5曲あるサン=サーンスのピアノ協奏曲で演奏頻度が比較的高い第2番は、華麗な技巧を要求する佳品。古くはアルトゥール・ルービンシュタイン、最近ではランランといった名手が得意としてきた。当日の独奏者、奥井紫麻は、その点で資質は十分。余裕をもって難しいパッセージをこなしつつ、大げさな演出は避け、曲の特質を優美に引き出す率直なピアニズムが好ましい。
第1楽章冒頭のカデンツァ風のソロから、硬軟のメリハリが利いた多彩なタッチで、バッハ風の古典的な格調を表出。楽章を追うごとにテンポが速まっても、決して力ずくで押し切らず、オケとの対話を楽しみながらチャーミングな表情を作り出した。期待の逸材だ。
後半がマーラーでも特異な印象のある第7番。高関は学生時代から興味を持ち、ベルリン・フィルでヴィオラのエキストラを初体験したのも、本作だったという。新校訂版の編さんに関わり、完成譜の謝辞に名前が載るほどの入れ込みようだ。それだけに当日も、スコアの細密な読みを音化する克明なアプローチで、作品の構造やテクスチュアを徹底的に洗い出した。
往年の名指揮者メンゲルベルクが遺したマーラー直伝の指示も反映した譜面から浮かぶディテールは、実に新鮮。フレージングの切る、つなげる、アクセントの付け方から、思わぬ対旋律やパートの強調、音色や強弱の対比、さらに聴いたことのない音使いまで、どこを取っても「高関節」が全開となった。
高関の確信に満ちた解釈へ必死に寄り添った東京シティ・フィルも健闘。第2、4楽章では野太いホルンの独奏(谷あかね)が好演した。トライアングルやカウベルが5個登場してのクライマックスなど、視覚的にも抜群の面白さだった。

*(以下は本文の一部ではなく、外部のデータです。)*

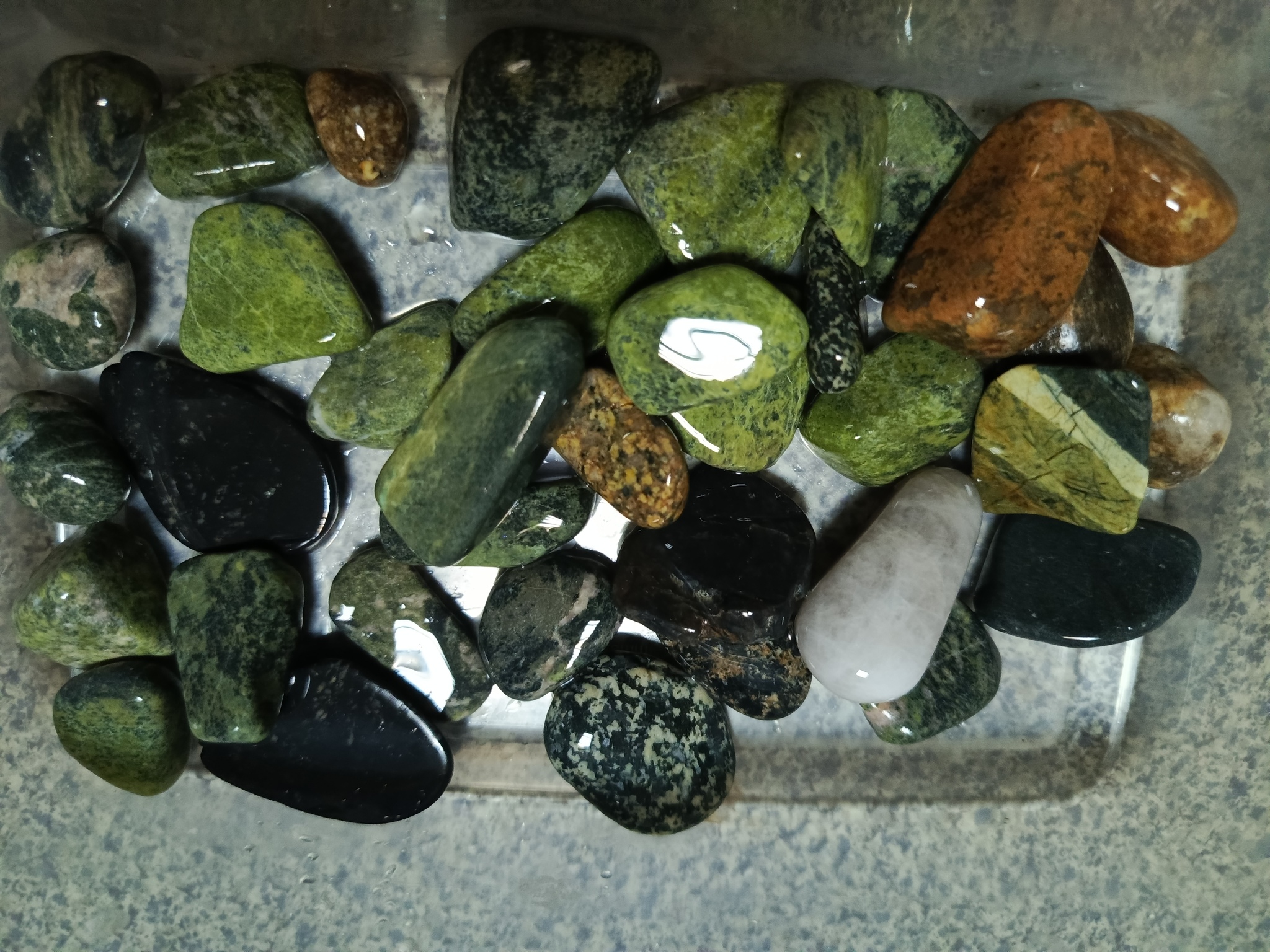 Итак, решила провести эксперимент и посмотреть на сколько в идеале можно довести камни в галтовке. Поэтому для удобства напилила камни на станке на небольшие куски, затем на шлифовальном станке сточила края. Решила, что на станке уйдет минут 15, а в галтовке не известно сколько, но явно больше. То, что края бы сточились и в галтовке, я не сомневаюсь, так как это уже пробовала.

この曲の表題性にとらわれず、実験的でモダンな音響体を赤裸々に提示する手法は、近年のスマートに洗練された志向と相当異なる。2022年夏のサントリー音楽賞受賞記念コンサートから短いスパンでの再挑戦には、こういう演奏がしたかったからか、と得心がいった。
(深瀬満)
公演データ
東京シティ・フィルハーモニック管弦楽団 第375回定期演奏会
1月17日(金)19:00東京オペラシティ コンサートホール
指揮:高関 健(常任指揮者)
ピアノ:奥井 紫麻
管弦楽:東京シティ・フィルハーモニック管弦楽団
プログラム
サン=サーンス:ピアノ協奏曲第2番ト短調 作品22
マーラー:交響曲第7番ホ短調「夜の歌」
ソリスト・アンコール
ラフマニノフ:前奏曲集より第2番Op.23-2
ふかせ・みちる
音楽ジャーナリスト。早大卒。一般紙の音楽担当記者を経て、広く書き手として活動。音楽界やアーティストの動向を追いかける。専門誌やウェブ・メディア、CDのライナーノート等に寄稿。ディスク評やオーディオ評論も手がける。